Until now, we have used the Windows internal file search (aka “Indexing options”) and this worked OK and found all files without problems. Now a new universal search is rolled out, which means all file servers will be remotely scanned by the crawler using the user DaCrawler. No local crawler will be installed on the file server.
The crawler connects with a given user to our file server and needs read-only access to all files and folders for the shares we have created. However, there are about 350k folders with 2,7M files just on our main server and a lot of custom DACLs are in place. Especially, there is no root DACL in place that applies to all folders or files.
The only idea I have to so far is to give the DaCrawler read-only access by using SetACL and add it to each any every DACL that might exist (I ignore ICACLS because I think SetACL is easier to use).

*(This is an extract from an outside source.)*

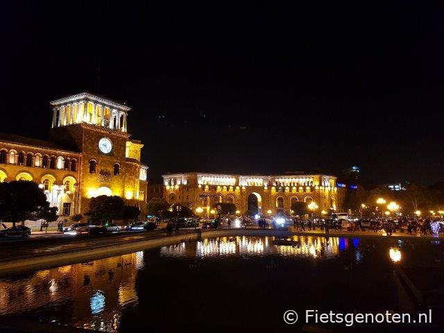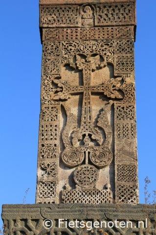 Aan het eind van de middag nemen we deel aan een Free Walking tour, waarbij een lokale gids ons mee neemt door de stad. De gids vertelt veel over de Armeense geschiedenis, de strijd met Turkije en de huidige oorlog met Azerbeidzjan. En over de drang van Armenië om zich te kunnen meten met Georgië. Zoals door het bouwen van een televisietoren, net een paar meter hoger dan de televisietoren in Georgië. Onderweg leidt de gids ons langs een Chatsjkar, een typisch Armeense gedenksteen. Een Chatsjkar is een verticale steen die versierd is met vlechtwerk met typische Armeense motieven, zoals de granaatappel en druiven. De druiven staan voor het bloed van Jezus en de granaatappel voor geluk en vruchtbaarheid. De granaatappel is tevens het nationale symbool van Armenië. Later op de reis komen we nog veel meer van deze Chatsjkars tegen, net als granaatappel(sap). Na de stadswandeling gaan we, samen met de rest van de rondleidingsgroep, in een typisch Armeens restaurant eten.
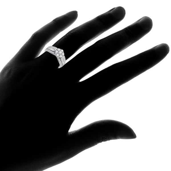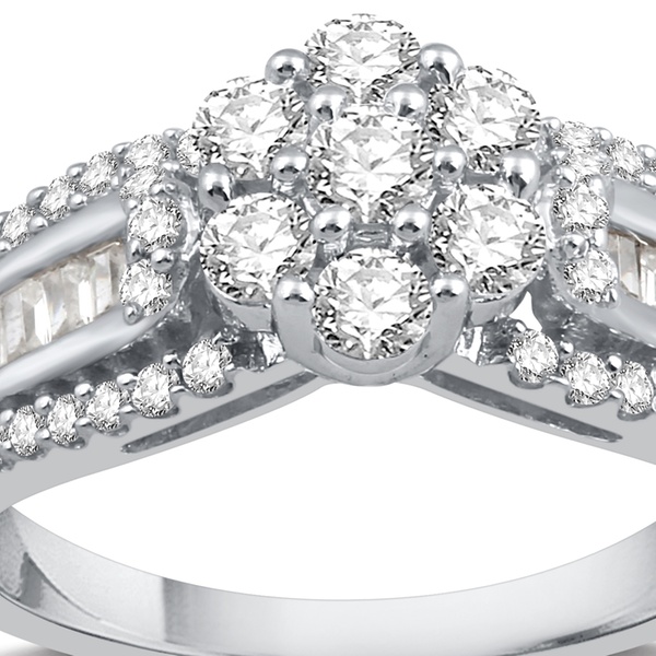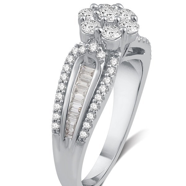 A cluster of diamonds draws attention to this sterling silver engagement ring featuring a band adorned with round- and baguette cut stones

First, I set the DACL of all folders to include READ_EX permissions for DaCrawler
SetACL -on C:\Test -ot file -actn ace -ace "n:ACME\DaCrawler;p:read_ex;i:so,sc;m:grant" -rec cont
This works fine, and no explicit permissions are created if they are not necessary:
If there are files with explicit permissions, their DACL is not changed so I repeat the command, this time for files only:
SetACL -on C:\Test -ot file -actn ace -ace "n:ACME\DaCrawler;p:read_ex;i:so,sc;m:grant" -rec obj
However, this causes SetACL to create explicit permissions for each and every file even if the file did not have a explicit permission before and the folder permission would be enough:
This means, I can either decide to apply the changes only to folders which might make some files inaccessible to the crawler, or create 2,7M explicit permissions.
Is there are better way to do this? Is my approach with changing the DACLs wrong and a more efficient way exist?